The Lie of voter Fraud

Politifact did an interesting, though complicated piece about the lie of voter fraud.  You can read it here.

A synapses of it goes as follows:

  • The 2010 census had 98,213 people over the age of 18 in Wood County, Ohio.
  • The 2012 Voter Registrar lists 106,258 people as of Sept 17.  (Up to 108,014 as of the Politifact published date).
  • A bunch of fools are insinuating that 106,258 people voted for Obama in Wood County in the 2012 election, being an obvious example of voter fraud.  This is an outright lie.
  • The truth is that only 80,433 people are listed as 'active voters', and of those only 62,338 voted this November 6th.  
  • Of the people that voted, only 31,596 voted for Obama.  The other 28,997 voted for Romney.

So, the idiots implying that there was massive, voter fraud are clearly trying to deceive people with the wrong numbers.  But let's talk about the right numbers.

Why are there 8,045 more people on the Voter Registrar list than in the census?

There are lots of reasons this happens.

  1. Two years passed, and people aged.  Someone that was 16 in 2010 would not count in that 98,213 number. 
  2. Some people moved into the county.
  3. People that died did not get immediately removed from the list.
  4. People that moved did not re-registrar to vote, removing themselves from the list.
  5. College students may tell the Census that they 'live' with their parents, but register to vote in the the county they go to school.  (They may think that their parent's student financing need them to be claimed as a resident)
First, which way should we be cautious about.  Should we try to eliminate everyone we can from the voter registration list- preventing fraud?  Or should we be extra careful not to violate someone's voting rights by eliminate them unless we know that they are no longer an eligible voter?  Well, as there are practically no convictions or even arrests for voter fraud, we should obviously protect their voting rights - just as we protect our rights to own a gun or practice religion.   If on the other hand you can show significant numbers of arrests and convictions for voter fraud, then I could see changing those rules

College students are hard to measure, as are moves.  But birhts and deaths are public records easily looked at. 

In the US, about 0.839% of  people die every year.  (Source)

The birth rate is about 1.375% (4 million births/291 million people)

Not counting moves, that means there is a net increase of 0.536% of the population each year (on average.

So over two years, the actual number of people in the country probably grew from 98,213 to 99,268

That means that the Voter Registrar has an extra 6,990 people on it.Out of 99,268 that comes to an error rate of about 7%.

7% is fairly high number of non-people listed on a registrar.  But lets look at the number of people listed as 'active' but did not vote this election.

That would be 62338/80433 = 77.5% of the active voters voted, leaving 22.5% of 'active voters' not actually voting in one of the most contentious elections ever.

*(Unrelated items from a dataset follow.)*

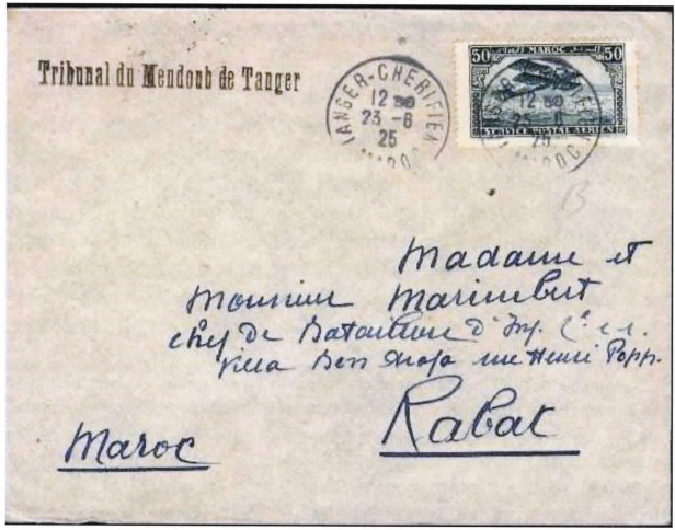 Abb.9: Brief des französisch-scherifischen Postamtes in Tanger aus dem Jahr 1925 wurde mit Nachporto belegt.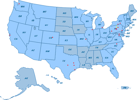 I've been to all states that are bright blue. I haven't been to the states that are slate colored.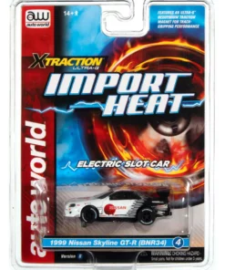 This is the IMPORT HEAT Auto World 1999 Nissan Skyline GTR (White/Black) Import Heat X-Traction HO Slot Car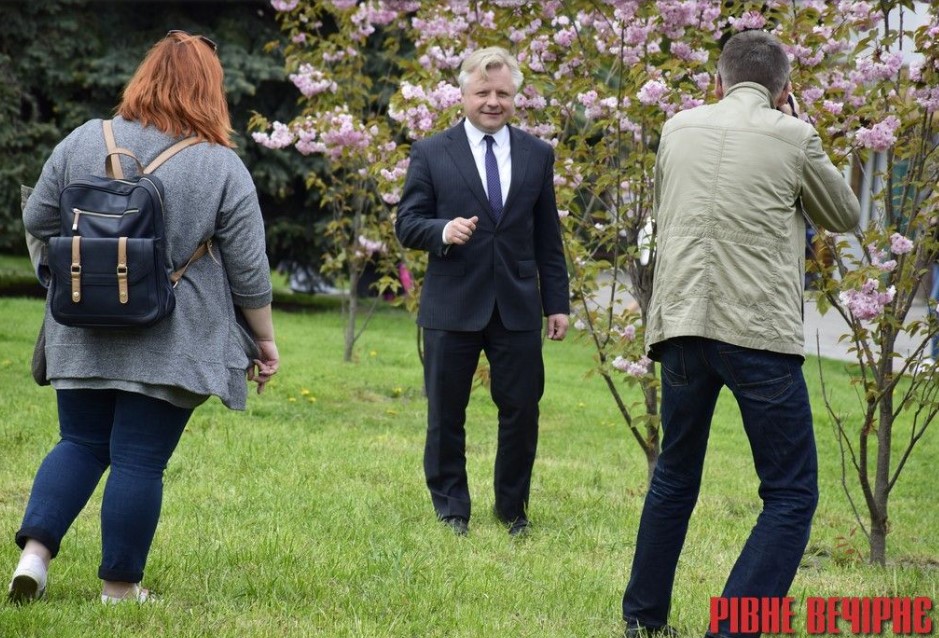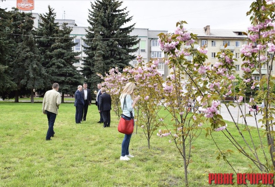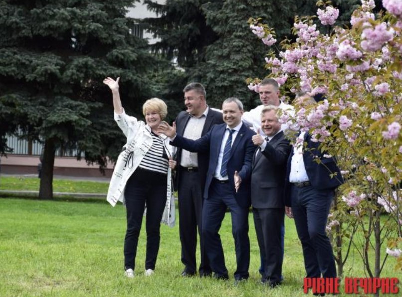 В обідню пору голова Рівненської ОДА, а заодно депутат міськради Олексій Муляренко разом зі своїми міськими колегами влаштував фотосесію навпроти кінопалацу «Україна», де якраз квітнуть сакури.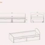 Кровать детская 90+2, с 2-мя ящиками, фабрики Компанит, изготавливается из ДСП в следующих цветах: венге темный, махонь, орех, яблоня, ольха, бук, дуб сонома.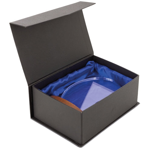 Cada trofeo presentado en un estuche negro y funda de cartón blanca. Medida base 13x4,5x3 cm
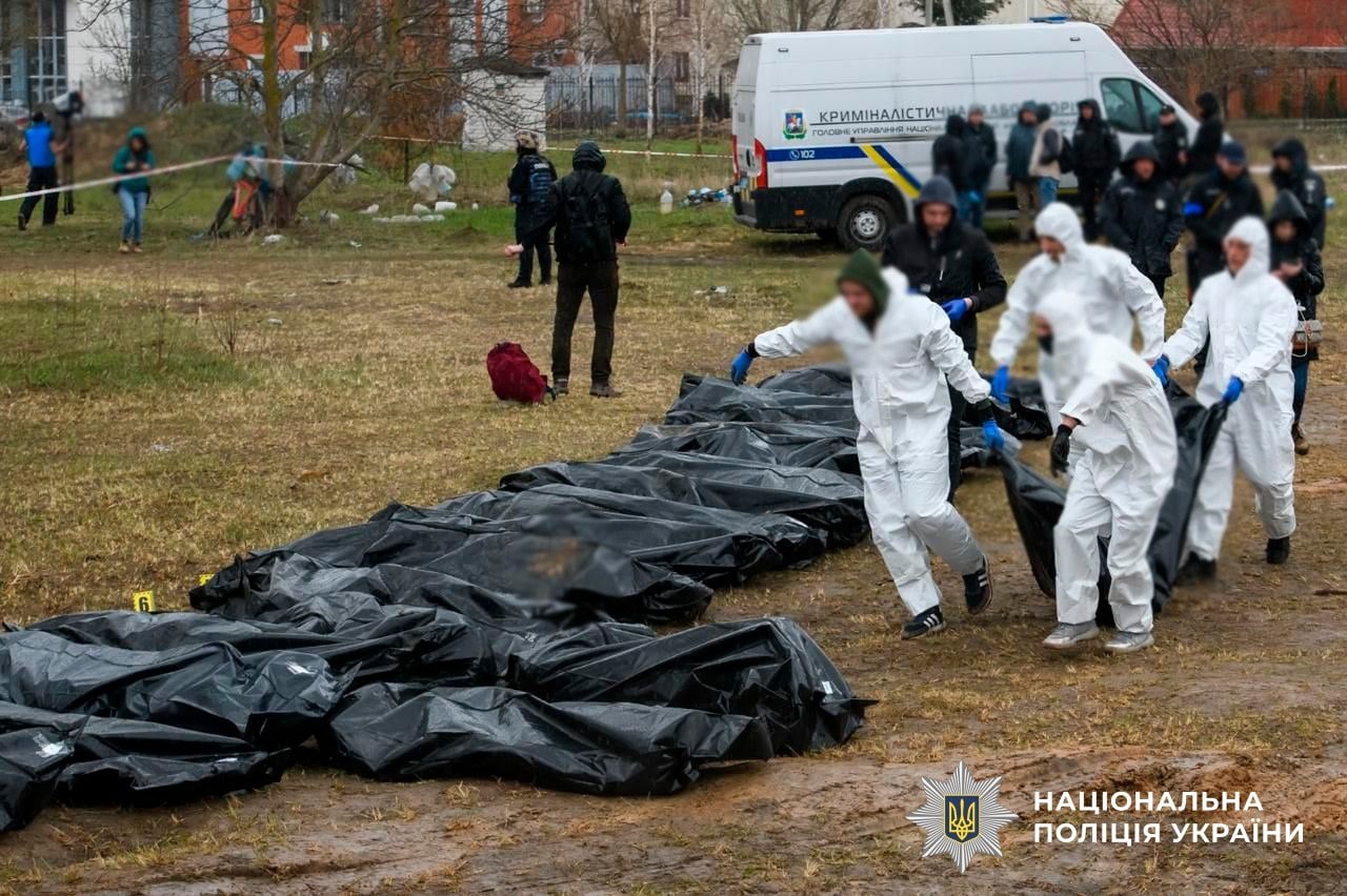 По данным Национальной полиции Украины, расследование военных преступлений РФ позволило собрать доказательства по международным стандартам и установить личности почти всех погибших. В рамках работы следователи раскрыли 124 тяжких преступления, среди которых 84 убийства и 40 фактов жестокого обращения с гражданскими. Подозрения объявлены 97 российским военным, из них 59 — уже официально, среди них десять командиров. В суд направлены обвинительные акты против 46 фигурантов. Идентифицировано 98,3 % жертв, тела которых переданы семьям. Отдельная группа полиции продолжает расследовать исчезновение более пятидесяти жителей города, вывезенных за пределы Украины.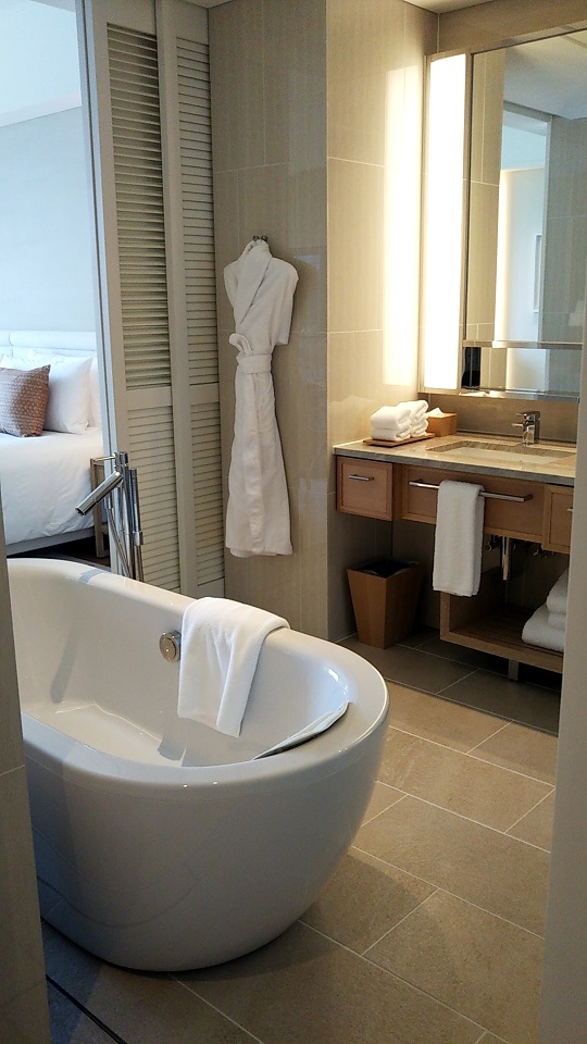 3、洗面台やバスタブのある方は物凄く明るいのに、ベッドのある側は薄暗い。「眠る部屋だから」という理由だとしても暗すぎる。そして翌朝、唯一のベッドサイドのランプが点かなくなった。最悪。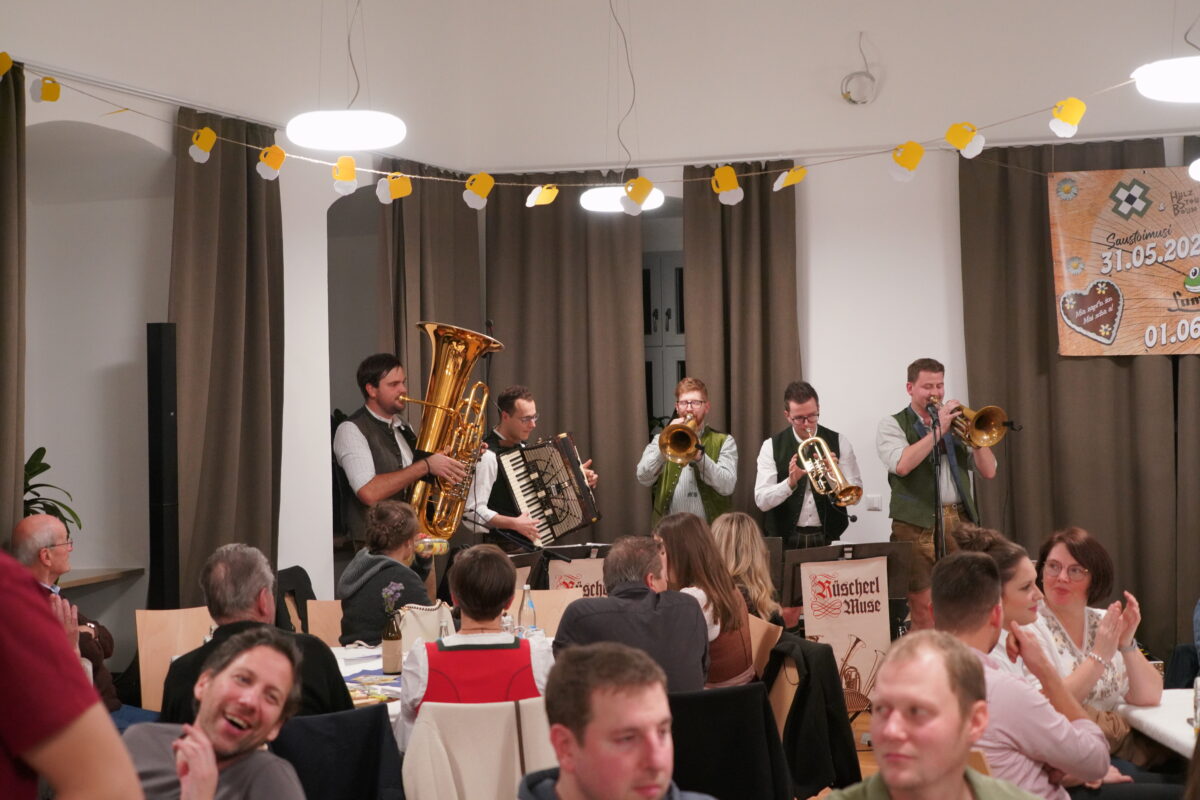 Ihren besonderen Teil zur besten Stimmung trug die „Rüscherl Muse“ mit Florian Forster (Pleystein), Simon Schmidt (Ursensollen), Martin Schmid (Tiefenbach), Michael Schneider (Hoffeld bei Tiefenbach) und Pascal Führnrohr aus Pleystein bei. Landjugend – Chef Simon Schwab aus Spielberg war von der vorzüglichen Stimmung im neurenovierten, altehrwürdigen Lobkowitzschloss begeistert. „Die neugewählte Vorstandschaft der KLJB, die bekanntlich bei uns Runde heißt, hat hier alles im Griff“, meinte Schwab.
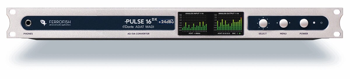 The Ferrofish Pulse16 DX +24 is an extremely cost-effective AD/DA converter designed to provide stable, uncompromising performance in professional studios and live performance environments, with 16 balanced analog inputs and outputs, 4 ADAT inputs and outputs, MADI optical inputs and outputs capable of transmitting 64 channels of audio, and Dante audio network inputs and outputs (2 x RJ45). In addition to the functions of the Pulse16 DX, the maximum reference level can be set up to +24dBu.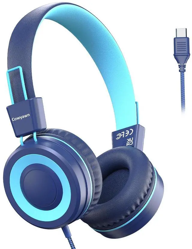 USB Type C Kids Headphones for School, Wired Toddler Headphones, 94dB Volume Limited, HD Stereo Sound, Foldable Lightweight On-Ear Wired Headphones for Kids/Children/Teens/Boys (Dark Blue)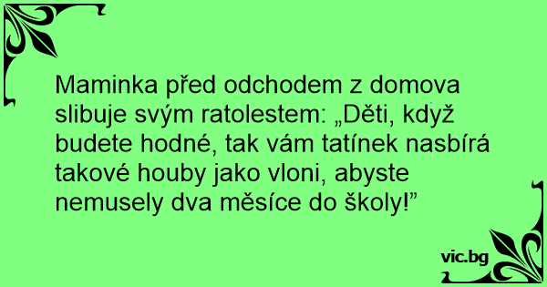 Maminka před odchodem z domova slibuje svým ratolestem: „Děti, když budete hodné, tak vám tatínek nasbírá takové houby jako vloni, abyste nemusely dva měsíce do školy!”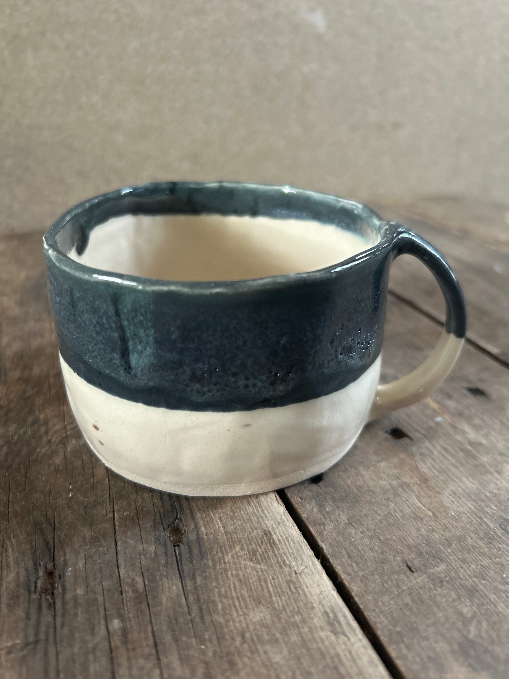 All of my stoneware pieces are carefully constructed by hand. This mug has been made by combining throwing and the 'pinch' method. Each one is shaped and finished by me. They are full of character including finger marks, wobbly edges, glaze splats and drips which add to their charm and rustic feel. Perfectly imperfect.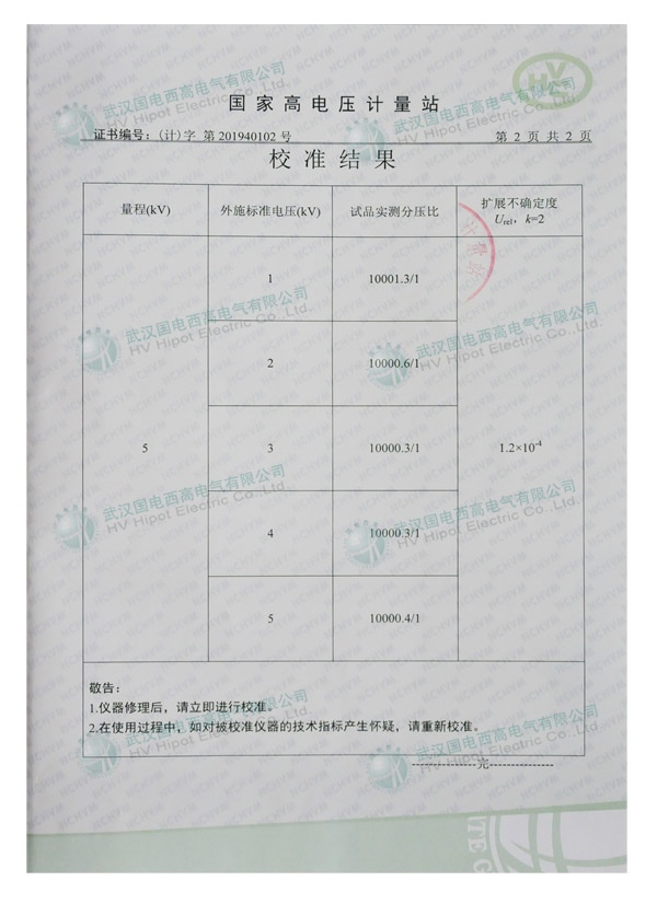 此次國家高電壓計量站動用精度為0.005%的標準電阻分壓器進行測量,測量結果該設備的精度達到0.02%,完全符合客戶要求。

Given that almost 1/4 of people did not bother to vote, is it that surprising that 7% have moved away and did not re-registrar?  Or died and not been removed?

More importantly, those people SHOULD NOT have been removed during the past 9 months.  They should be removed NOW.   After the election.  Go through the 106,258-80,433 = 25,825 inactive voters and any that did not vote this year, becoming active again, telling them they will be removed from the voter lists and will not be able to vote again until they re-register.

That's how you do it - after the important election, not before.  That gives them two years to re-register for the congressional elections if we were mistaken, four years for the presidential one.